Training is divided into 3 phases: first the visual feature extractor is pre-trained on LRW and fine-tuned on LRS2. Then, the hybrid CTC/Attention model is trained with the extracted visual and audio features. The ESPnet toolkit [24] is used for training the hybrid CTC/attention architecture. Finally, an external language model is trained using 2 text corpora.

5.1 Pre-training of Visual Feature Extractor

The ResNet is first pretrained on LRW for isolated word recognition. A 2-layer BLSTM is added on top of the ResNet and the model is trained end-to-end (using a softmax output layer) as described in [14]. The Adam training algorithm [27]

is used for end-to-end training with a mini-batch size of 36 sequences and an initial learning rate of 0.0003. Early stopping with a delay of 5 epochs is also used. Data augmentation is also performed on the video sequences of mouth ROIs. This is done by applying random cropping and horizontal flips with probability 50% to all frames of a given clip.

The model is then further fine-tuned on the pretrain set LRS2. The pretrain set is useful for this purpose, not merely due to its large number of utterances, but also due to its more detailed annotation files, containing information about the (estimated) time each word begins and ends. Word boundaries permit us to excerpt fixed-duration video segments containing specific words and essentially mimic the LRW set-up. To this end, we select the 2000 most frequently appearing words containing at least 4 phonemes and we extract frame sequences of 1.5sec duration, having the target word in the center.

5.2 Hybrid CTC/Attention

The hybrid CTC/Attention model is trained for 20 epochs using Adadelta with a mini-batch size of 10. Data augmentation is applied to the raw audio sequences before computing the mel and pitch features. During training babble noise at different SNR levels (0 dB, 5 dB and 10 dB) from the NOISEX database [28]

might be added to the original audio clip. The selection of one of the noise levels or the use of the clean audio is done using a uniform distribution.

We also used label smoothing during training for the audio and visual models.
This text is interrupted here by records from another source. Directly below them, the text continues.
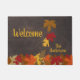 この秋のお迎えマットで家の入り口をカラフルに飾りなさい。 カエデとオ葉ークの秋が、地面に静かに置かれ、飛び込むに値する葉の山を作っている! 配色には、秋のシーズンレッド、オレンジ、ゴールドなどの色合いが含まれます。 背景は古い革に似擦り切れたている。この秋ドアを自分のドアにするには、ファミリ名を追加します。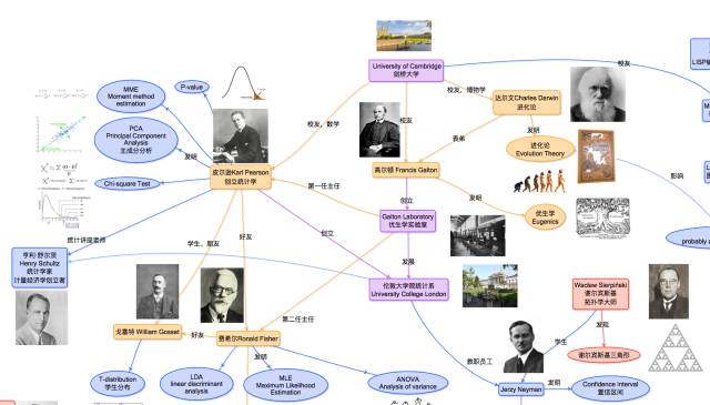 统计学的诞生,对机器学习的发展影响巨大, 大到有时候机器学习也被统计的人称为统计学习。 对于统计历史,”Lasso简史“里面有详细的说明。 这里稍微图谱一下。 妒忌表兄达尔文的高尔顿建立了实验室,后来成为伦敦大学院的统计系, 系里跑出一个老师, 创立了美国第一个统计系--伯克利大学统计系。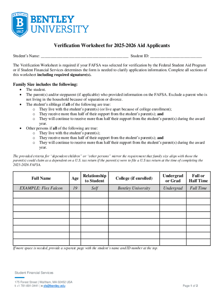 Get the free Verification Worksheet for 2025-2026 Aid Applicants

There was no improvement on the validation set in case of audio-visual models so label smoothing was not applied in this case.

5.3 Language Model

The language model is trained by combining two different text corpora. The first one contains the transcriptions of the LibriSpeech corpus which contains 9.4 million words. The second one contains the transcriptions of the LRS2 pre-train set which contains more than 2 million words.

5.4 Parameters

The default parameters of the ESPnet toolkit [24] have been used. The only exception is the CTC weight and from eq. 1 and 2, respectively, which are optimised on the validation set. The optimal values for and are 0.2 and 0.1, respectively. The late fusion weight from eq. 5 is also optimised on the validation set and the optimal value found is 0.85. The language model weight is set to 0.4 for the audio and audio-visual models and 0.1 for the visual models. Finally, the width of beam search is set to 20.

6 Results

Stream CER WER
A 4.4 8.3
A [29]* - 9.7
A [30] 14.3 29.9
V 42.1 63.5
V [15] 222Video-only results from [15] are reported on - 70.4
V [29]* - 50.0
A + V (Late Fusion) 4.7 8.5
A + V (Early Fusion) 3.6 7.0
A + V [29]* - 8.2
A + V [30] 14.1 30.5
Table 2: Character error rate (CER) and Word Error Rate (WER) of the Audio-only (A), Video-only (V) and Audio-Visual models (A + V) on the LRS2 database. * The model in [29] is first pre-trained on a non-publicly available dataset.
(a) Cafe
(b) Street
(c) Pink
(d) White
(e) Doing Dishes
(f) Construction Drilling
(g) Car
(h) Train
Figure 3: WER of the video-only (V), audio-only (A) and audio-visual (AV) models as a function of the SNR for various noise types.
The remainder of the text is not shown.